Evgeny Morozov, the author of “To Save Everything, Click Here: The Folly of Technological Solutionism,” has an opinion piece at The NY Times that warns we may be approaching the risks of Artificial Intelligence from the wrong direction.
...The mounting anxiety about A.I. isn’t because of the boring but reliable technologies that autocomplete our text messages or direct robot vacuums to dodge obstacles in our living rooms. It is the rise of artificial general intelligence, or A.G.I., that worries the experts.

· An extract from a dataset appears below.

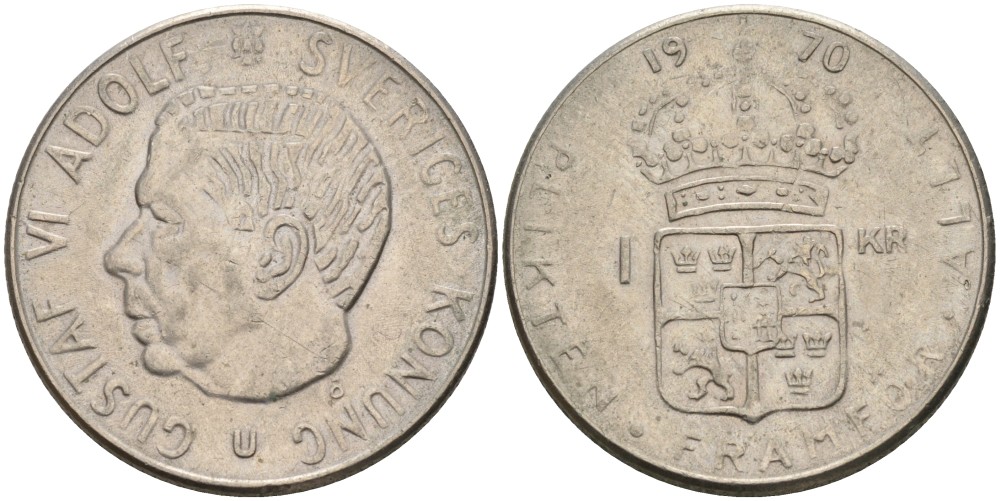 Швеция 1 крона 1970 U, Густав VI Адольф (1950-1973) KM 826а медь плакированная медно-никелем 4557-236

A.G.I. doesn’t exist yet, but some believe that the rapidly growing capabilities of OpenAI’s ChatGPT suggest its emergence is near. Sam Altman, a co-founder of OpenAI, has described it as “systems that are generally smarter than humans.” Building such systems remains a daunting — some say impossible — task. But the benefits appear truly tantalizing...
The problem is, who defines those benefits — and who profits from them.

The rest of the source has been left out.